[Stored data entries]

════════════════

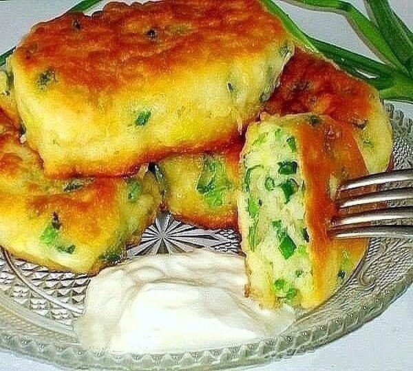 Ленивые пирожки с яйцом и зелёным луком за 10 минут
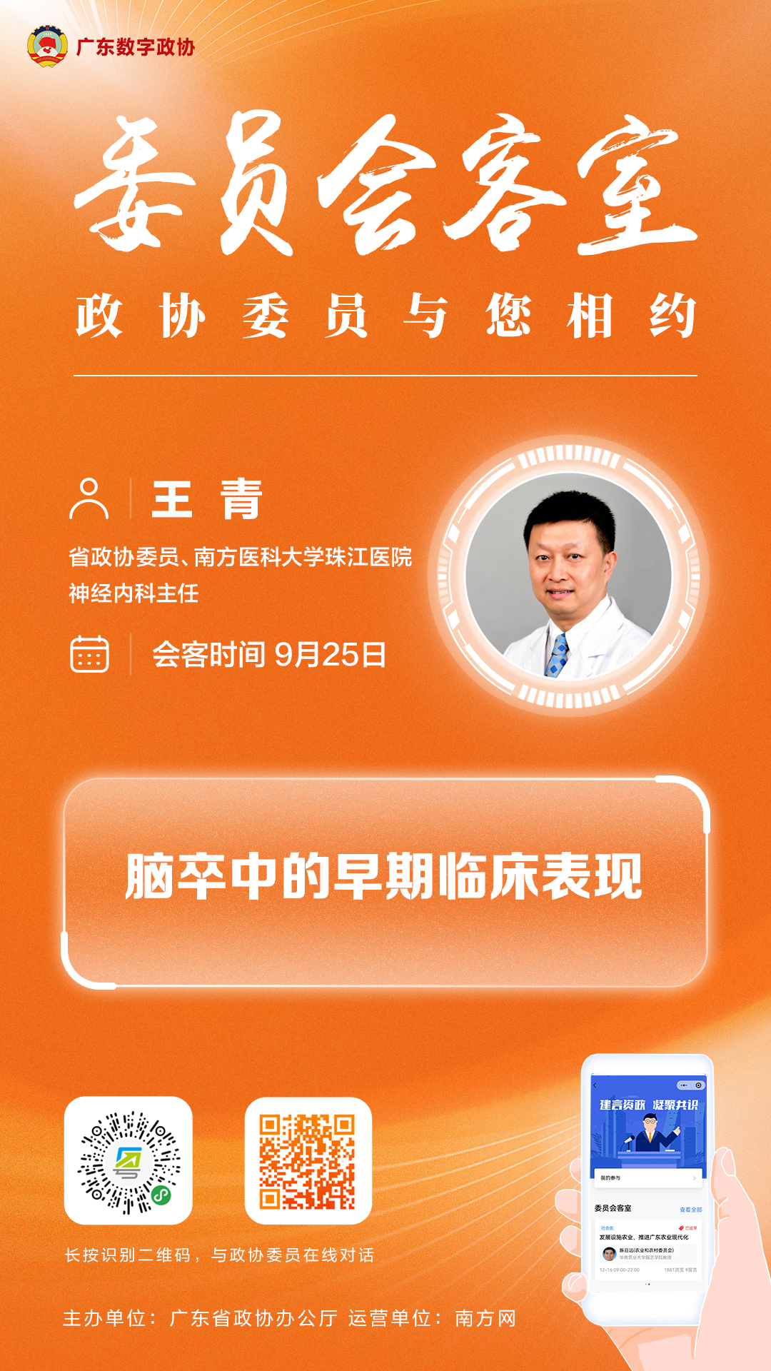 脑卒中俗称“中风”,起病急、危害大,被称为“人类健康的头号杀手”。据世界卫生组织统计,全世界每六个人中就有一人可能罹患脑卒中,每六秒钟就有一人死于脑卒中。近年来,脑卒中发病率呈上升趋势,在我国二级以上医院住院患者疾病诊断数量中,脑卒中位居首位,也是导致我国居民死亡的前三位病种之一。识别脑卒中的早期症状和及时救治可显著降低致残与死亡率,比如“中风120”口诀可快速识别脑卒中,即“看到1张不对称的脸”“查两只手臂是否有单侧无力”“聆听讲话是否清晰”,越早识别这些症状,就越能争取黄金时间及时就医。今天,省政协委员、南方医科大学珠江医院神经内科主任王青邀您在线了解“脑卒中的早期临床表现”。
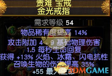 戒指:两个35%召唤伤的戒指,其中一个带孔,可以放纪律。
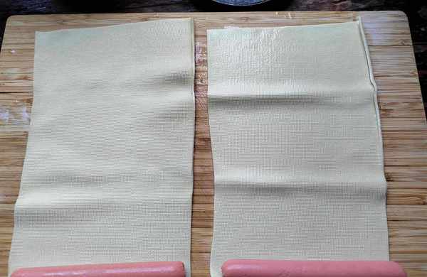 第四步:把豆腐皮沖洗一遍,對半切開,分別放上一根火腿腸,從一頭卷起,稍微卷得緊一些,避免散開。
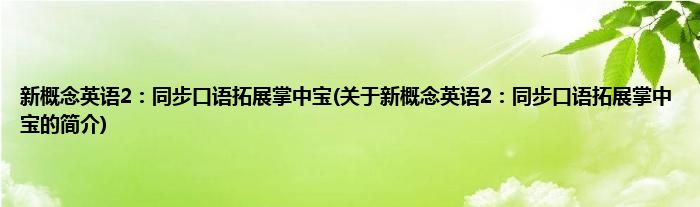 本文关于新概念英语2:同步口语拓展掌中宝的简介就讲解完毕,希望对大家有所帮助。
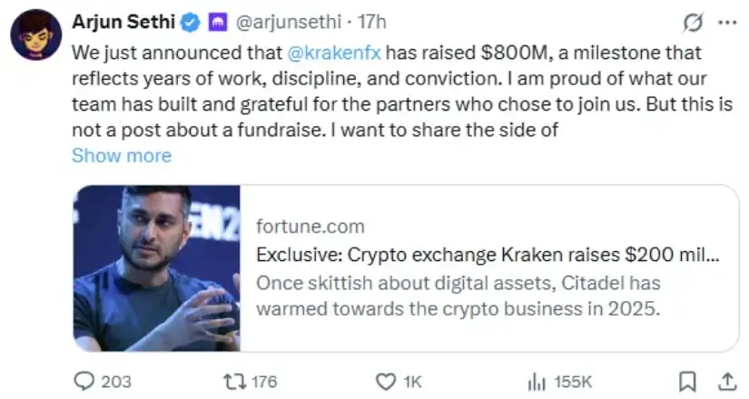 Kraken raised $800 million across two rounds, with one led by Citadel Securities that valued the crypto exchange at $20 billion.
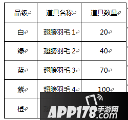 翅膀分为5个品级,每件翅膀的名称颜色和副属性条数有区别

════════════════

§ Action item: The copy should start at the line that contains "戒指:两个35%召唤伤的戒指,其中一个带孔,可以放纪律。", end at the last line of the entries above, and match each line exactly, with pictures dropped.

§ Finished exercise:
 戒指:两个35%召唤伤的戒指,其中一个带孔,可以放纪律。
 第四步:把豆腐皮沖洗一遍,對半切開,分別放上一根火腿腸,從一頭卷起,稍微卷得緊一些,避免散開。
 本文关于新概念英语2:同步口语拓展掌中宝的简介就讲解完毕,希望对大家有所帮助。
 Kraken raised $800 million across two rounds, with one led by Citadel Securities that valued the crypto exchange at $20 billion.
 翅膀分为5个品级,每件翅膀的名称颜色和副属性条数有区别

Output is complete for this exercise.